So Copy-on-Write makes sense in many ways, but as you can imagine, if you’re changing small bits of a large random access file, that file is going to end seriously fragmented. And there’s no way to defragment it. This is exactly what a database engine does to its files. Database engines enforce their own referential integrity using synchronous writes, so they’re going to be consistent anyway – but if you’re insisting all transactions in a group are written in order, synchronously, and the underlying file system is spattering blocks all over the disk before returning you’ve got a double whammy – fragmentation and slow write performance. You can put a lot of cache in to try and hide the problem, but you can’t cache a write if the database insists it won’t proceed until it’s actually stored on disk.

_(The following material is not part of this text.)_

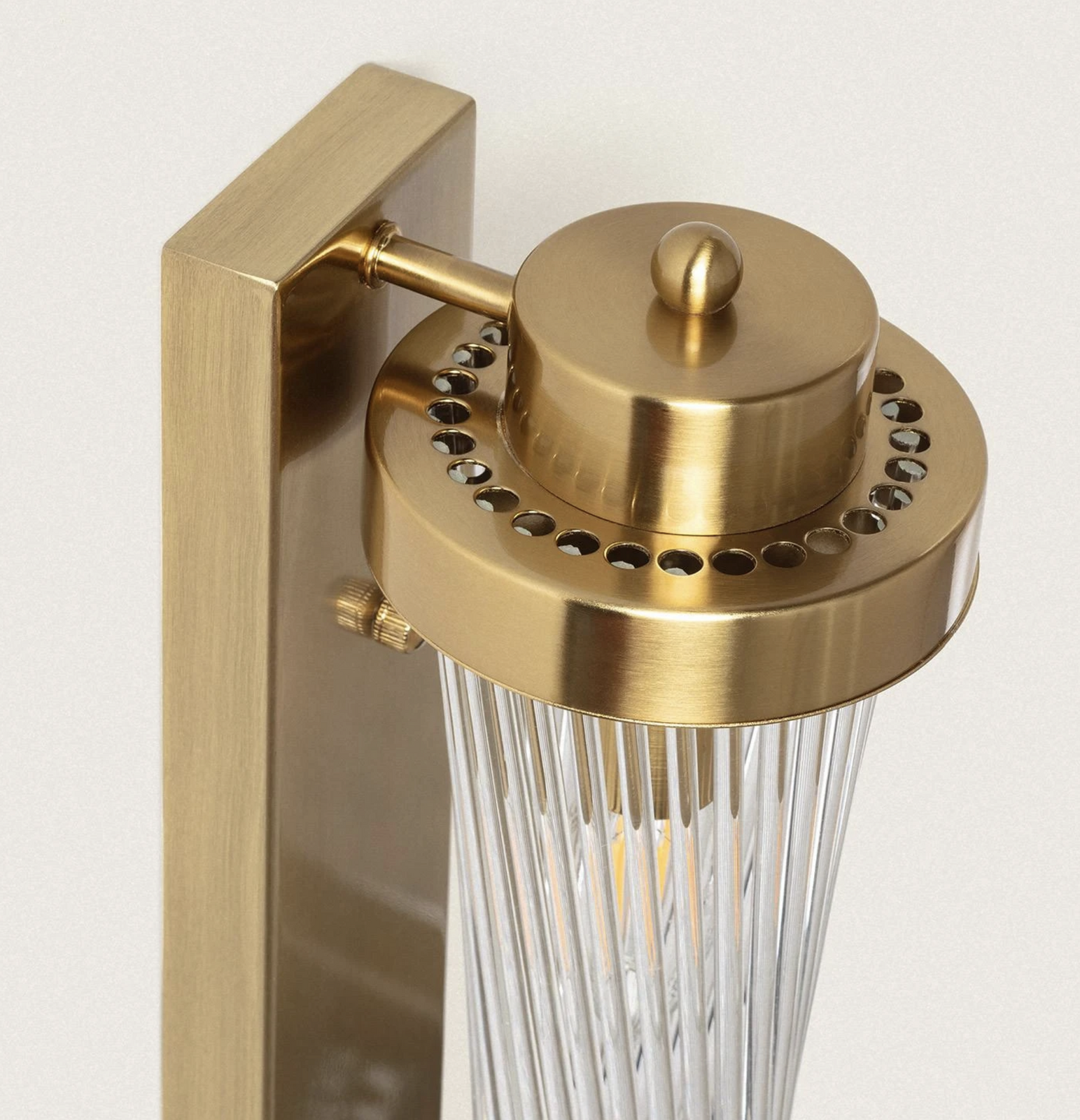 Kinkiet ścienny ryflowany z Metalu i Szkła MARSEN 2xE14 złoty

In this one use case, UFS2 is a clear winner. It also doesn’t degrade so badly as the disk becomes full. (The ZFS answer is that if the zpool is approaching 80% capacity, add more disks).
Best of Both
There is absolutely nothing stopping you having ZFS and UFS2 on the same system – on the same drives even. Just create a partition for your database, format it using makefs and mount it on the ZFS tree wherever it’s needed. You probably want it mirrored, so use gmirror. You won’t be able to snapshot it, or otherwise back it up while it’s running, but you can dump it to a ZFS dataset and have that replicated along with all the others.
You can also boot of UFS2 and create a zpool on additional drives or partitions if you prefer, mounting them on the UFS tree. Before FreeBSD 10 had full support for booting direct of ZFS this was the normal way of using it. The advantages of having the OS on ZFS (easy backup, snapshot and restore) mean it’s probably preferable to use it for the root.